TASK 3: What is the length of each variant?

To answer this question from the command line, we'll first introduce a new command: awk

awk is slightly different from the other commands we've learned about in that it is a fully defined scripting language meant to be used in conjunction with other Unix commands. Given that, it has a much more elaborate syntax than the rest of the commands: it doesn't just have input parameters, but also accepts user defined rules and functions.

This makes awk extremely powerful, and is our first step into scripting, since we will use the awk syntax to define our own commands.

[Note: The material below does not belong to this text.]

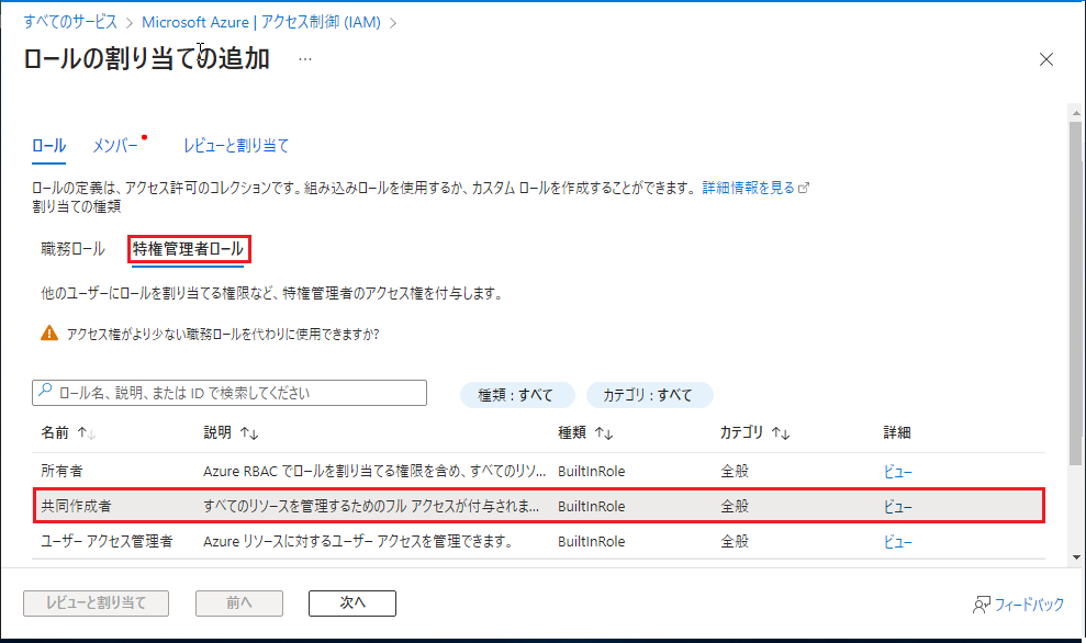 ・「特権管理者ロール」から”共同作成者”を選択し、「次へ」ボタンをクリックします。

awk can be run in two ways:

  1. The traditional scripting/programming way, where you write your rules in a file.
  2. The Unix way, where you write your rules directly in the command line. These are generally referred to as one-liners.
For one-liners, the general command typed would be:

awk '<user-defined rules>' <input file>
Command line parameterDescription
awkA Linux text processing language
'<user-defined rules>'The user-coded program to run
<input file>The path to the file on which to run the program

Like many other Unix commands, awk processes the input text in the file line-by-line, and generally for each line (or record) it processes one column (or field) at a time. By default, awk assumes that fields are separated by tab characers, but this can be changed with an input option.

Fields (columns) in the file are represented by variables specified by a dollar sign ($) and then the number of the column. For instance, the first column in a file is represented by $1, the fourth column by $4, and so on.

As a brief example, let's say we wanted to extract only the column in our input bed file that represents the end of each region. We know from our .bed format specifications that this is the third column. So we would type:

awk '{print $3}' data/macaque-svs/macaque-svs-filtered.bed
Command line parameterDescription
awkA Linux text processing language
'{print $3}'The user-coded program to run. In this case, we only want to print the third column of the file to the screen.
data/macaque-svs/macaque-svs-filtered.bedThe path to the file on which to run the program

The last few lines of this output should be:

135715923
135718741
137821980
145552312
146422365
4904730
4904657
6907624
7144240
7429392
10911159

We can do this with any other column we want, and we can perform operations on the values in those columns as well, which brings us to how we find out the length of each region in the .bed file.

Since awk is a fully realized scripting language, it supports basic mathematical operations. Since we have the start and end coordinates of each region, we can just tell awk to subtract the end from the start, giving us the length of each region:

awk '{print $3 - $2}' data/macaque-svs/macaque-svs-filtered.bed
Command line parameterDescription
awkA Linux text processing language
'{print $3 - $2}'The user-coded program to run. In this case, we are telling awk to take the value in the third column and subtract the value in the second column of each row in the file.
data/macaque-svs/macaque-svs-filtered.bedThe path to the file on which to run the program

The last few lines of this output should be:

36311
36113
571
1156
35336
29017
1676
548
712
4541
7877

TASK 4: What is the average length of all variants?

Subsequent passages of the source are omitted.